Invoke: node scripts/get_resource.mjs '<JSON args>'

Bootstrap: learn the schema first

If you're unsure which fields exist or what values an enum takes (e.g. metadata_type, language, access_oa_status), call list_catalog once at the start. Sample values are returned for low-cardinality fields.

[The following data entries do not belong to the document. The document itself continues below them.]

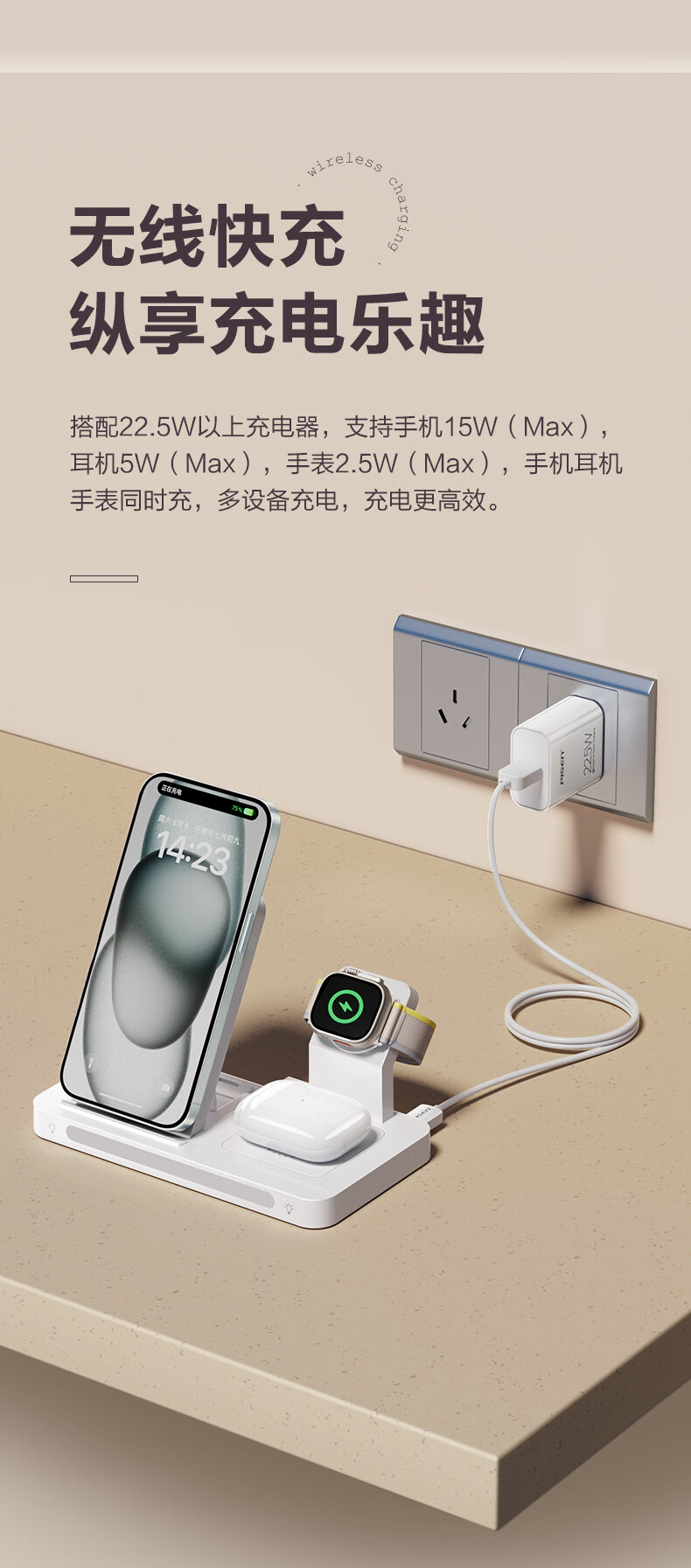 > 三台设备同时充 可折叠便携 桌面支架 22.5W无线充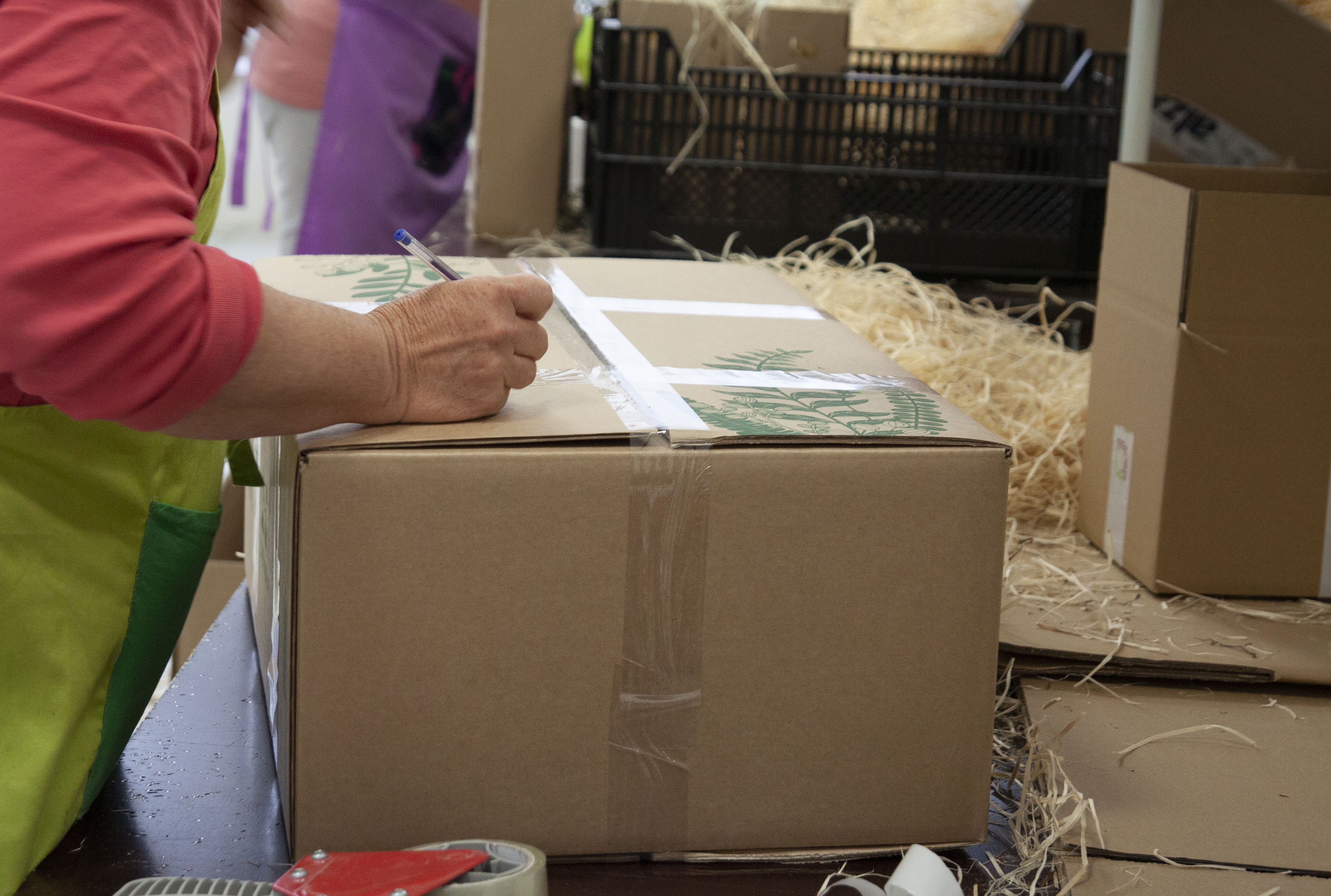 Následne objednávky putujú do baliacej haly, kde sú triedené, ošetrené, kontrolované a starostlivo balené.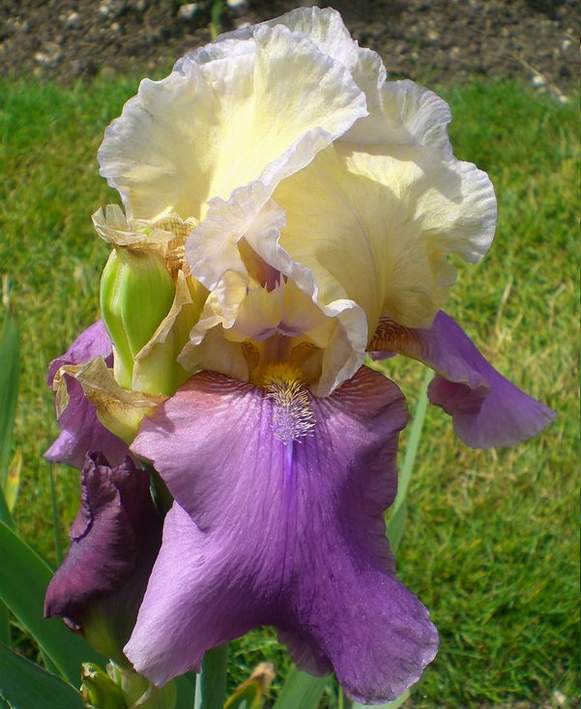 Um die Chapeau mal aus der Diskussion zu nehmenBeschreibung bei AIS:S beige cream; F pink-orchid; orchid beard. 09-4 (Amethyst Flame x L98-1) X Apropos.Hierzu das passende Bild:

Use it instead of guessing field names — guessing wastes turns.

list_catalog(include_sample_values=true)
    └─▶ fields[].name + sample_values  →  precise filter construction

Recipes

RAG flow (natural-language Q&A):

semantic_search(query=...) → hits[i].doc_id, hits[i].offset
    └─▶ read_content(doc_id, offset)

Lookup by DOI:

search_papers(filters_advanced=[{field: "doi", value: "10.1038/..."}])

OA + year filter:

search_papers(
    year_from=2024,
    filters_advanced=[{field: "access_is_oa", value: "true"}]
)

Structured + semantic hybrid:

search_papers(authors=[...], year_from=2020) → doc_ids
semantic_search(query=...) → filter hits client-side by doc_ids

Fetch a paper figure / image:

When read_content Markdown contains ![alt](file_name), call get_resource with the file_name to fetch image binary.

read_content(doc_id, offset) → markdown ![Figure 3](dt=xxx/p/f3.png)
    └─▶ get_resource(file_name="dt=xxx/p/f3.png")

Exit codes

0 — success; stdout is the JSON response
1 — HTTP 4xx/5xx; stderr contains status code and response body
2 — argument error (missing token, malformed JSON, required field absent)